In question now is whether any part of the committee's report, which took some four years to compose and cost $40 million, will ever see the light of day.

The report details how the CIA misled the Bush administration and Congress about the use of interrogation techniques that many experts consider torture, according to public statements by committee members. It also shows, members have said, how the techniques didn't provide the intelligence that led the CIA to the hideout in Pakistan where Osama bin Laden was killed in a 2011 raid by Navy SEALs.

The committee determined earlier this year that the CIA monitored computers – in possible violation of an agreement against doing so – that the agency had provided to intelligence committee staff in a secure room at CIA headquarters that the agency insisted they use to review millions of pages of top-secret reports, cables and other documents, according to people with knowledge.

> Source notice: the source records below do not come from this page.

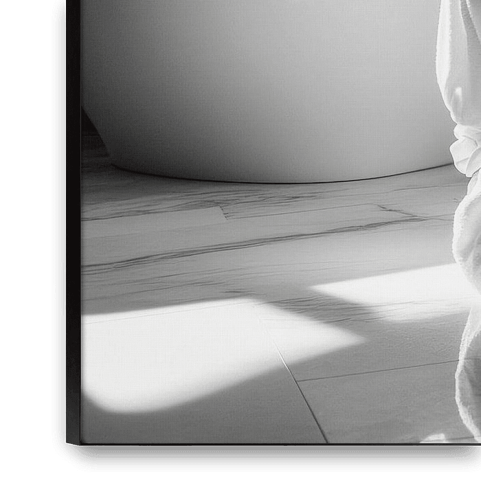 A calm, introspective scene shines in soft black and white tones. A woman, wrapped in a flowing dressing gown, enjoys a moment of silence with a cup in her hand. The warm rays of sunlight fall gently through large windows and accentuate the elegantly designed bathtub. This picture brings harmonious serenity perfectly into the bathroom.
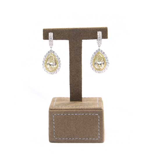 These dangling earrings feature pear-cut diamonds encircled by tiny diamonds. The stunning earrings exhibit exceptional brilliance and sparkle from any angle. The beautiful diamond earrings are perfect to accentuate your daily look.
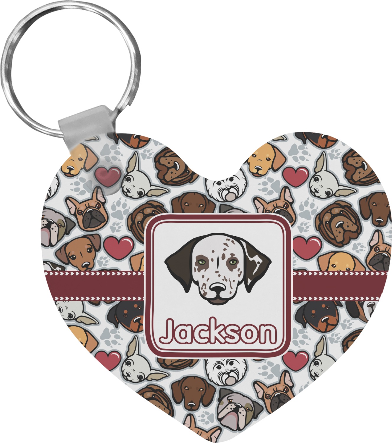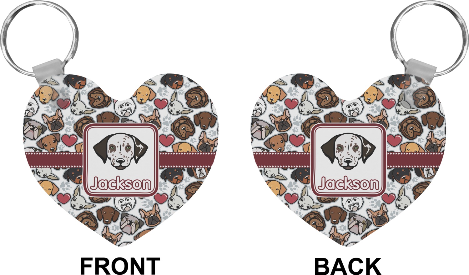 We chose a maroon ribbon with hearts and a square label. We chose the graphic and text for the label contents and featured the Dalmatian / Terrier face along with a name to personalized it.
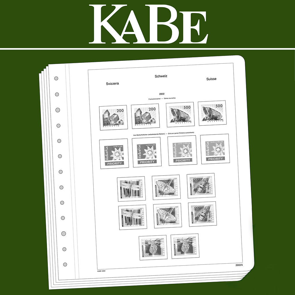 Los álbumes preimpresos KABE (formato 275 x 310 mm) están impresos en cartón de madera sin ácidos(175 g/m2), resistente al envejecimiento y con impresión offset en blanco y negro que reproduce fielmente los detalles. De esta forma, usted puede encontrar rápidamente los sellos que todavía le faltan. Sobre la impresión de los sellos y con el mismo tamaño, están pegados filoestuches-SF fabricados en poliestirol transparente, antireflectante y sin plastificantes. Estos filoestuches sujetan los sellos, a la vez que ofrecen una máxima protección contra el polvo y la humedad. La articulación doble de lino facilita la apertura de las hojas y ayuda para su mejor conservación.
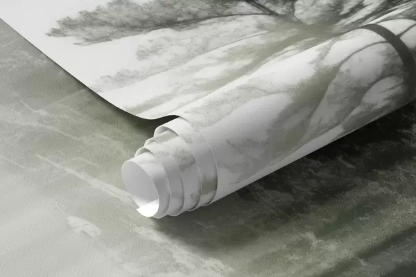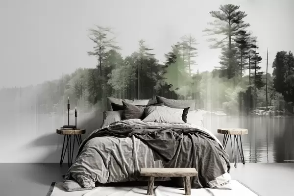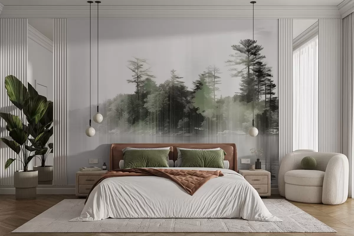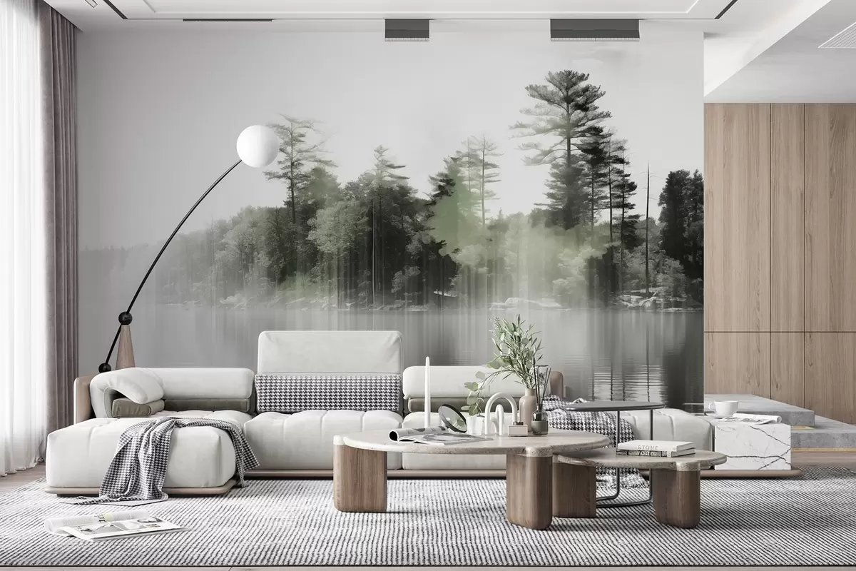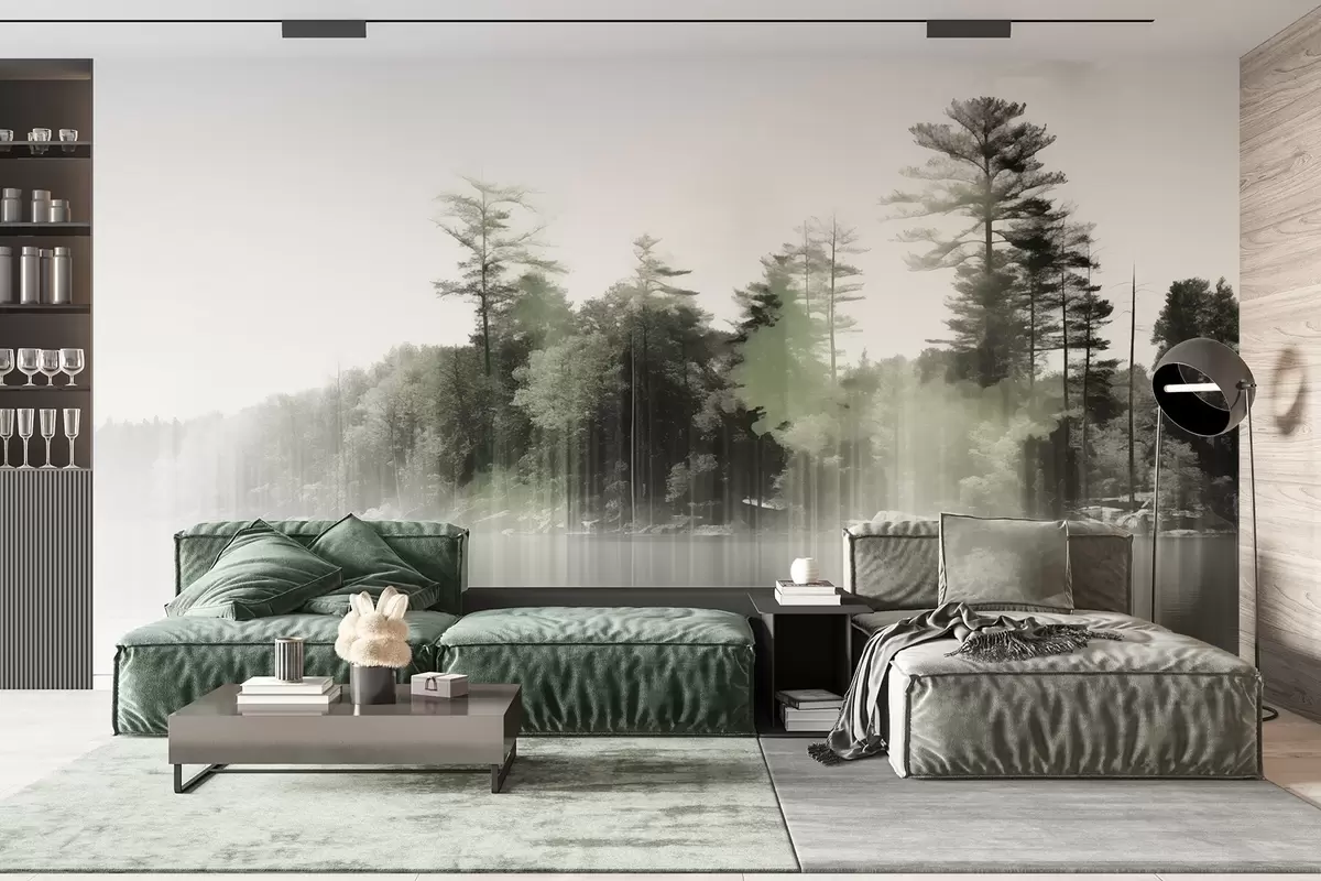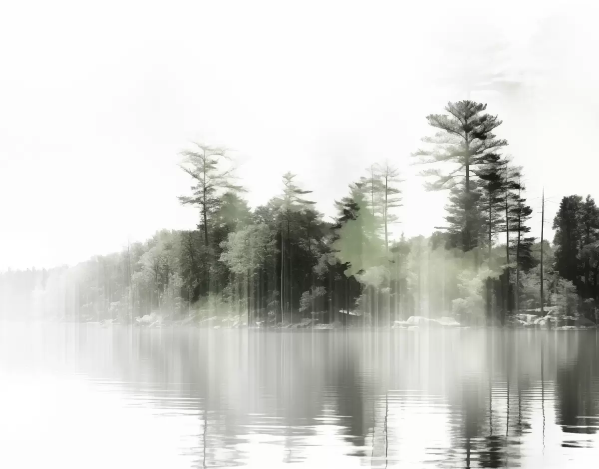 Abstract minimalism textured landscape with a lake and trees reflections in the water in green and white shades - Wall mural (No. w09058)
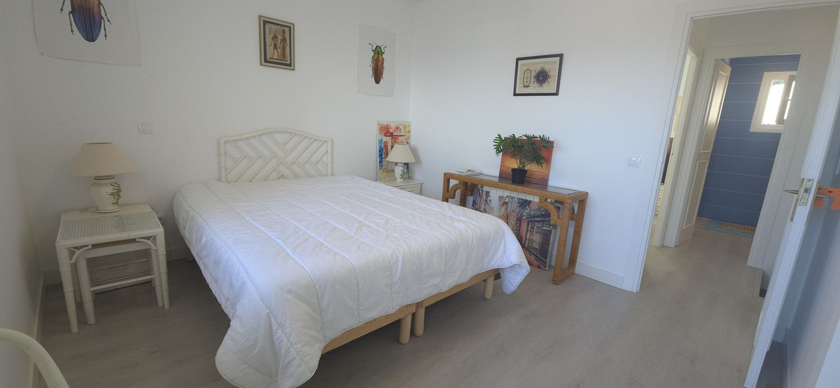 en la planta suoerior, tenemos 2 dormitorios con baño, desde el dormitorio principal, teneos una segunda terraza con vista al mar, aere acondicionado y doble cristal en las ventana.
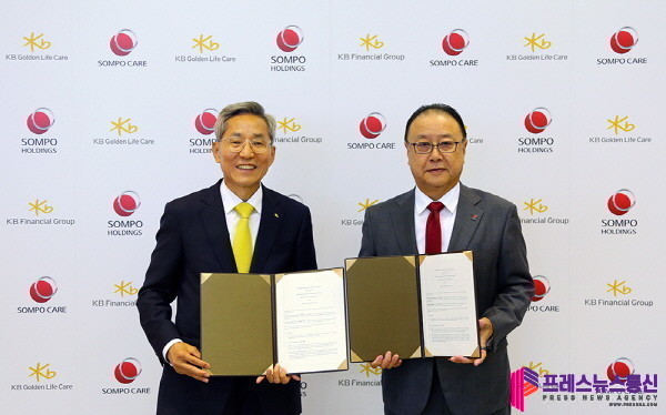 [프레스뉴스] 김대일 기자= KB금융그룹(회장 윤종규)은 8일 일본 도쿄 솜포홀딩스(SOMPO Holdings) 본사에서 윤종규 회장, 사쿠라다 켄고 솜포홀딩스 회장 등 양 사 임직원이 참석한 가운데 요양서비스 산업 발전을 위한 업무 협약(MOU)을 체결했다.
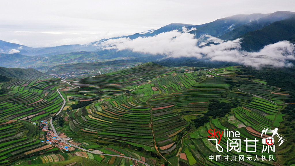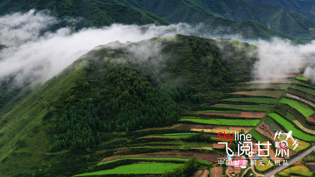 白露將至,位于榆中縣馬坡鄉(xiāng)的分水嶺,青山環(huán)繞,梯田阡陌交錯(cuò),線條優(yōu)美,風(fēng)光旖旎。一陣陣雨過后,梯田云霧繚繞,遠(yuǎn)處的崇山峻嶺、茂林修竹、通村公路和村莊人家若隱若現(xiàn),為美麗田園增添了些許“仙氣”。
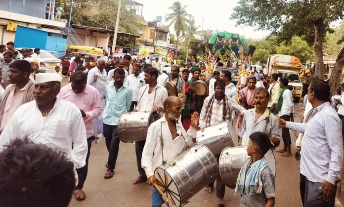 ವಾದ್ಯ ವೃಂದಗಳ ನಡುವೆ ಲಕ್ಷ್ಮೀ ದೇವಿಯನ್ನು ತಂದ ಭಕ್ತರು
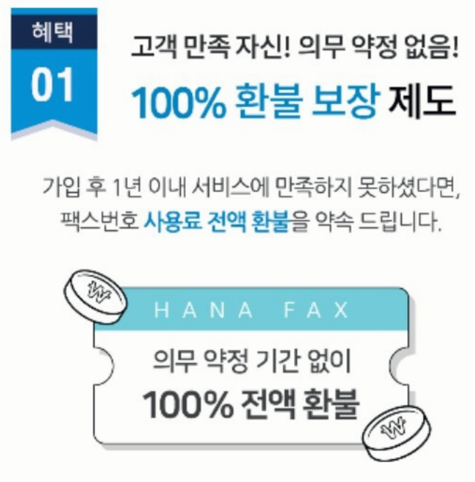 하나팩스는 요금 체계도 매우 합리적입니다. 수신할 때는 무료이며, 발송 요금은 한 장당 42원으로 매우 저렴합니다. 개인 번호를 사용할 경우 월 5천원의 요금이 부과되지만, 가입 시 최대 47장까지 무료로 제공되는 혜택이 있어 충분히 사용해 볼 수 있습니다. 또한, 서비스가 마음에 들지 않을 경우 가입 후 1년 이내에 전액 환불이 가능하다는 점도 신뢰할 수 있는 요소입니다.
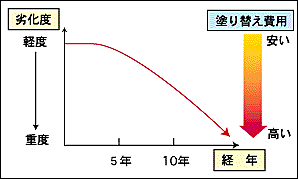 | Q1:何のために塗料が建物に塗られているのですか? A1:もちろん建物自身の見栄えをよくするといった視覚的要素もありますが、建物を外的環境から保護すると いった要素が大きなウエイトを占めています。 建物を保護している塗膜も厳しい環境のもとでは、少しずつダメージを受けて、やがてひび割れを生じたり、 ハガレを生じたり建物自体のダメージにつながっていきます。 |
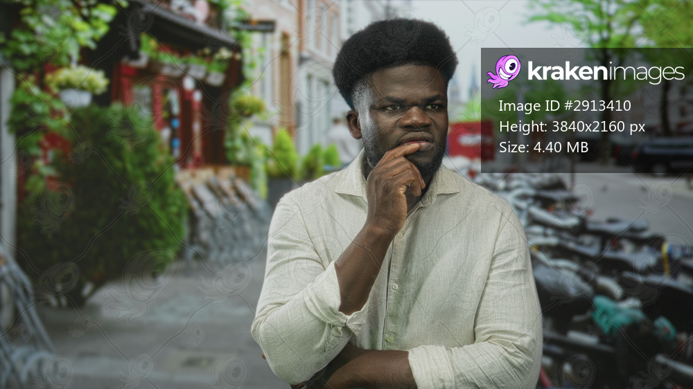 Man with hand on chin and folded arm on street beside parked bicycles and cafe storefronts; thoughtful reflection.
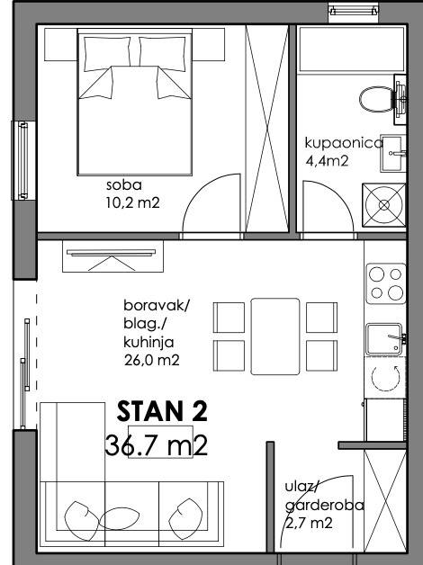 Sastoji se od ulaza/garderobe, dnevnog boravka, kuhinje s blagovaonicom, kupaonice te spavaće sobe.
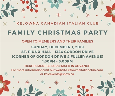 This event is open to KCIC members and their families. Tickets must be purchased in advance and there are only a limited number available. This event will be a SELL OUT!For more details visit our website kelownaitalianclub.com or email us at kcicevents@shaw.ca

Sen. Ron Wyden, D-Oregon, a panel member, apparently was referring to the monitoring when he asked CIA Director John Brennan at a Jan. 29 hearing if provisions of the Federal Computer Fraud and Abuse Act "apply to the CIA? Seems to me that's a yes or no answer."

Brennan replied that he'd have to get back to Wyden after looking into "what the act actually calls for and it's applicability to CIA's authorities."

The law makes it a criminal act for someone to intentionally access a computer without authorization or to go beyond what they're allowed to access.

People familiar with the issue said it wasn't clear whether the monitoring violated any law or administrative regulations.

Sen. Mark Udall, D-Colo., who has led calls for the CIA to allow the release of the report, also appeared to be referring to the monitoring in a letter he sent Tuesday to President Barack Obama.

"As you are aware, the CIA has recently taken unprecedented action against the committee in relation to the internal CIA review and I find these actions to be incredibly troubling for the committee's oversight responsibilities and for our democracy," Udall wrote. "It is essential that the committee be able to do its oversight work – consistent with our constitutional principle of the separation of powers – without the CIA posing impediments or obstacles as it is today."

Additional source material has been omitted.